The only build that did complete and eventually install is with HiPE and without NATIVE. However, at that point, I'm left in a confused state: should I trust this virtual machine? I'm inclined to not give it my trust.
Comment 1 Bertrand Petit 2019-05-18 01:32:58 UTC
Created attachment 204437 [details]
Build log with Hipe and NATIVE
Comment 2 Bertrand Petit 2019-05-18 01:34:35 UTC
Created attachment 204438 [details]
Build log without Hipe and without NATIVE
Comment 3 mikael.urankar 2019-05-19 15:06:10 UTC
(In reply to Bertrand Petit from comment #1)
erlang uses a linux syscall to flush cache [1] :/
you can use __clear_cache instead.

also, armv6 doesn't have smp extension (at least on the board we support), you should uncheck the SMP option.

I had to use CFLAGS+= -O0 (or 03) to build erlang, -O1 and -O2 leads to random crash.

https://github.com/erlang/otp/blob/master/erts/emulator/hipe/hipe_arm.c#L40
Comment 4 Bertrand Petit 2019-05-22 05:05:41 UTC
(In reply to mikael.urankar from comment #3)
Thank you Mikael for your valuable feedback. As suggested I did replace the linux syscall use with rt builtins, that fixed the SIGSYS issue. I confirm there is an issue with the base clang when using optimization, I had to disable it. I suppose that employing llvm80 may help resolve this issue, however I can't test it as I don't have enough storage on that host.

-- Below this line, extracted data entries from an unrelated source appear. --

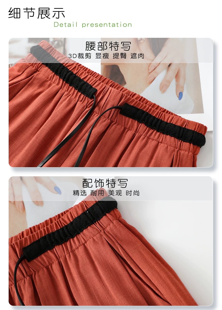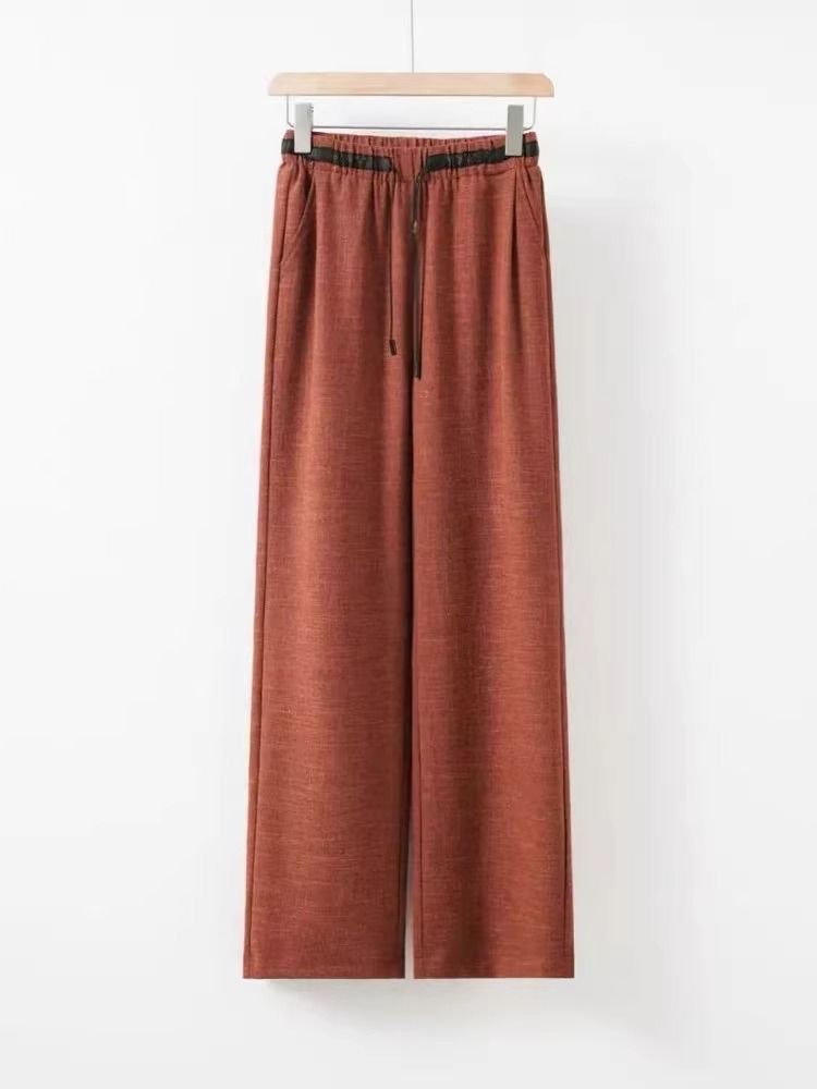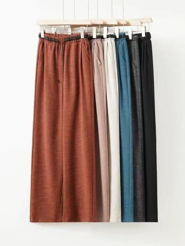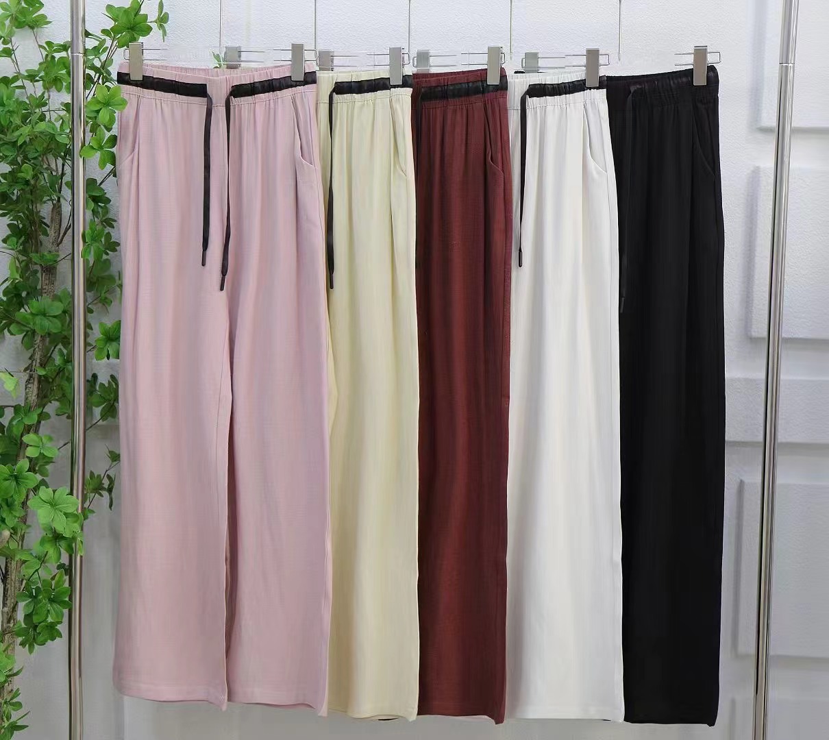 腰を緩めている天糸亜麻の狭い版のワイドパンツの女性の夏の薄いタイプの2025新型の垂れ下がった感じの氷糸の綿の麻のストレートのズボン
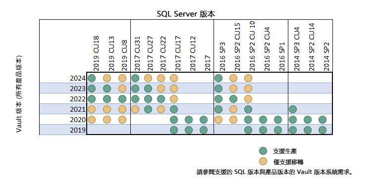 以下圖表總結了 Vault 和 SQL 的相容版本 (以綠色圓點表示)。黃色圓點表示建議的升級路徑。請參閱您的 Vault 版本對應的 Vault 系統需求,以確保 Vault 和 SQL 產品版本之間的相容性。
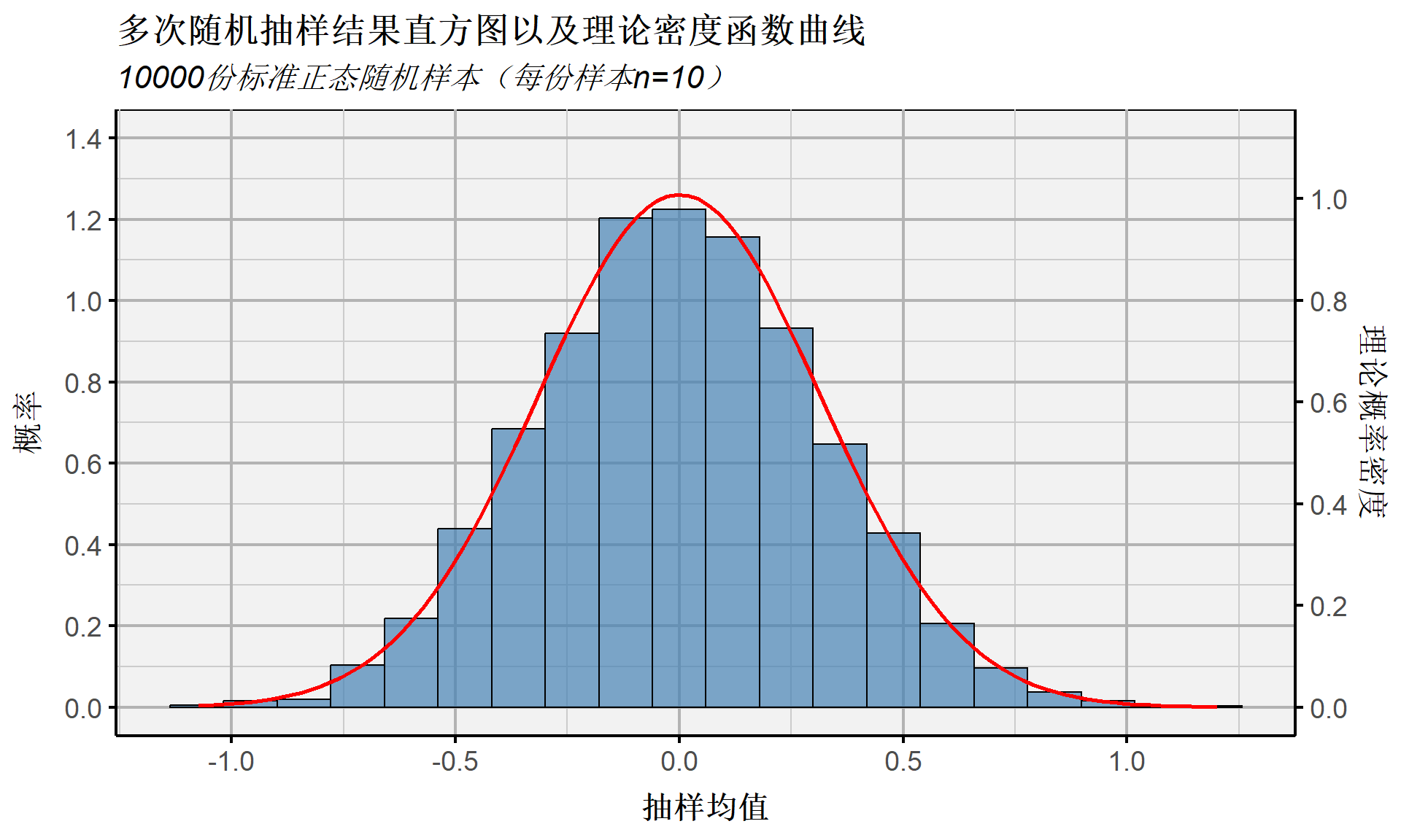 如果样本容量 \(n\) 很小,随机变量 \(\bar{y}\) 的可能分布会是多种多样的。有限总体中心极限定理表明,随着样本容量 \(n\) 的不断增大,随机变量 \(\bar{y}\) 的分布会越来越稳定,并趋向于正态分布(normal distribution),从而有:

Please see the joined patch which permits an installation with both HIPE and NATIVE.
Comment 5 Bertrand Petit 2019-05-22 05:07:27 UTC
Created attachment 204533 [details]
Path for arm disabling optimization and replacing linux syscall with builtins
Comment 6 Bertrand Petit 2019-05-24 04:28:52 UTC
Please see also this related PR:
https://bugs.freebsd.org/bugzilla/show_bug.cgi?id=237465
Comment 7 Bertrand Petit 2019-05-24 05:11:55 UTC
I eventually managed to compile lang/erlang on armv6 with the HiPE and NATIVE options using clan80. The build has terminated without errors, this again confirms an issue with base clang on 11.2. I launched the test suite to exercise the build, I suppose this could take some days to complete on a RPi2. Meanwhile I will update the proposed patch.
Comment 8 mikael.urankar 2019-05-24 11:00:47 UTC
(In reply to Bertrand Petit from comment #4)
armv7 supports SMP
Comment 9 Dave Cottlehuber freebsd_committer 2019-05-24 12:52:21 UTC
Super bug hunting!

I'd strongly recommend submitting this upstream directly (patch or no patch),
they're very receptive to FreeBSD in general and IIRC do test continuously
internally.

https://bugs.erlang.org/

BTW my general advice for both HiPE and native is not to use them unless
you're hitting limits and you can see that your workload benefits from
them. In some cases, they don't help, and their broad community usage is
much less than "plain BEAM". OTP 22, for example, adds new opcodes to the VM
that are not supported by HiPE.
Comment 10 Bertrand Petit 2019-05-28 14:18:43 UTC
(In reply to Dave Cottlehuber from comment #9)
> BTW my general advice for both HiPE and native is not to use them unless
> you're hitting limits 

I concur with you and add that HiPE is unusable on armv6. I prematurely interrupted the test suite when I observed the occurrence of countless beam segfaults in the system log.

After exploring part of the port configuration space on an RPi, I came to the conclusion that base clang is unsuitable to build OTP and that NATIVE should not be used at all.

I propose a patch which include:
- a fix for the linux-only system call in HiPE.
- constrain options availability on armv6
- build OTP with clang80 on armv6
- add a test target that builds and run the full test suite.

There is still an issue I've not addressed: the test suite directly executes make(1) but it should execute gmake(1) instead.
Comment 11 Bertrand Petit 2019-05-28 14:21:40 UTC
Created attachment 204672 [details]
Patch fixing erlang build on arm by using clang80 and no NATIVE
Comment 12 Bertrand Petit 2019-05-28 15:17:20 UTC
The upstreams bug report is https://bugs.erlang.org/projects/ERL/issues/ERL-958
Comment 13 mikael.urankar 2019-05-28 15:31:21 UTC
(In reply to Bertrand Petit from comment #11)
can you also disable NATIVE on armv7? thanks.
Comment 14 Bertrand Petit 2019-05-28 15:48:00 UTC
Created attachment 204673 [details]
Patch fixing erlang build on arm by using clang80 and no NATIVE

The native option is excluded for both armv6 and armv7.